Eine Jacke für die kalten Jagdtage

Die ILG Jacke überzeugt durch ihren ganzjährig möglichen Einsatz. Die Firma Goldeck Textil, Inhaber der Marke Carinthia, aus dem österreichischen Kärnten setzt bei der MILG auf ein etwas anderes Prinzip. Die MILG Jacke ist ebenso salonfähig, einfach schick möchte ich sagen, aber auf Grund des Einsatzspektrums „Kälte“ etwas voluminöser. Sie ist ca. 1.500g leicht, hat als äußerste Schicht absolut die Funktion, die Kälte vom Körper fern zu halten, und trägt dabei optisch trotzdem nicht auf. Trotz der Kompaktheit und dem sportlichen Schnitt hat man das Gefühl, einen guten Isolator zu tragen. Nicht umsonst ist Carinthia schon lange mehr keine kleine Marke im Bereich der Kälteschutzbekleidung.

Ich habe seit mehreren Jahren auf Empfehlung und Vermittlung eines österreichischen Freundes einen Ansitzsack von Carinthia im Einsatz. Die MILG als junges Produkt ist eine herrliche Ergänzung zum Ansitzsack. Ich meine damit nicht ausschließlich den modischen Aspekt. Keine Angst! Den Ansitz verbringt sicherlich jeder von uns in geruhsamer Umgebung und fern von Beobachtern, die sich Gedanken über passende Farben oder Ähnliches machen würden. Nein, ich meine die isolierende Funktion der gefütterten Kapuze, der gefütterten Taschen, dem tiefen Saum im Rücken; alles in allem die Vorteile des klassischen Loden. Die Jacke ist rundum warm und somit für den Winteransitz als äußere Schicht bestens geeignet.

Ausstattung

Die Kapuze möchte ich besonders erwähnen. Trotz Gehörschutz war es möglich, diese mittels der drei Kordeln so einzustellen, dass das Sehfeld komplett frei blieb. Die Kapuzenränder sind seitlich so eingekürzt, dass man gegenüber herkömmlichen Kapuzen einen Rundumblick hat, ohne den Kopf ständig drehen zu müssen oder gar mit den Händen den Kapuzenrand festhalten zu müssen. Sehr praktisch!
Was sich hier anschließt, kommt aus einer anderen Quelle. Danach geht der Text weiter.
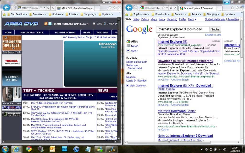 Sofort missfällt die Aufsplittung zwischen Tabs und Suche im "Kopfbereich" des Internet Explorer 9 – statt untereinander (wie bei Chrome oder Firefox) sind diese wichtigen Funktionen nebeneinander angeordnet. So bleibt weder für das eine noch das andere genug Platz zum effektiv arbeiten.
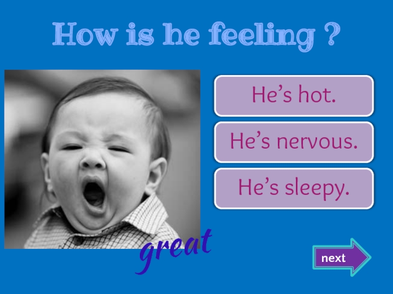 He’s hot.He’s nervous.He’s sleepy. nextgreatHow is he feeling ?

Wie auch die ILG ist die MILG mit allerlei sinnvollen Taschen ausgerüstet. Zu Anfang war ich mir gar nicht so sicher, was man denn da alles unterbringen soll. Die Ärmeltaschen habe ich aber nach einer Weile sehr liebgewonnen. Ein Magazin, einfacher Gehörschutz, Dokumente, Portemonnaie, ja selbst eine einfache Hundeleine haben in ihnen Platz.

Als abweichende Funktion zur ILG und zum G-Loft Loden Parka hat die MILG eine besonders große Rückentasche. Ähnlich den Hasentaschen oder einfachen Stautaschen wie bei den Smocks bekommt man hier allerlei Dinge unter. Sei es nun ein Sitzkissen, eine Decke oder Proviant. Das Ortungsgerät für Hunde passt ebenfalls super rein.

Die Tasche ist wasserfest, so dass auch Wild darin aufbewahrt werden kann. Ich habe zum Beispiel Schleppwild darin untergebracht. Ich glaube, ein Dackel- oder Terrierwelpe passt da an Stelle des bequemen Platzes im Rucksack auch bis zu einem bestimmten Alter hinein. Für diejenigen, die sich jetzt wundern: es war früher durchaus üblich, auf dem Fahrrad oder Motorrad mit Flinte und Hund auf dem Rücken ins Revier zu fahren. Bei Arbeiten im Revier finden problemlos Hammer, Nägel oder Astungssäge darin Platz.

Die MILG im Revier

Für die Pirsch ist die Jacke meines Erachtens nur dann geeignet, wenn man darauf achtet, die erste und evtl. zweite Bekleidungsschicht an das Können der Jacke anzupassen. Bei zügigem Marsch, Nachsuchen oder anspruchsvollen Gelände wird es richtig warm. Die seitlichen Eingriffe, die sich unter den Achseln befinden, kann man jedoch zur Ventilation öffnen. Aber warm ist die Jacke wirklich. Das muss man austesten.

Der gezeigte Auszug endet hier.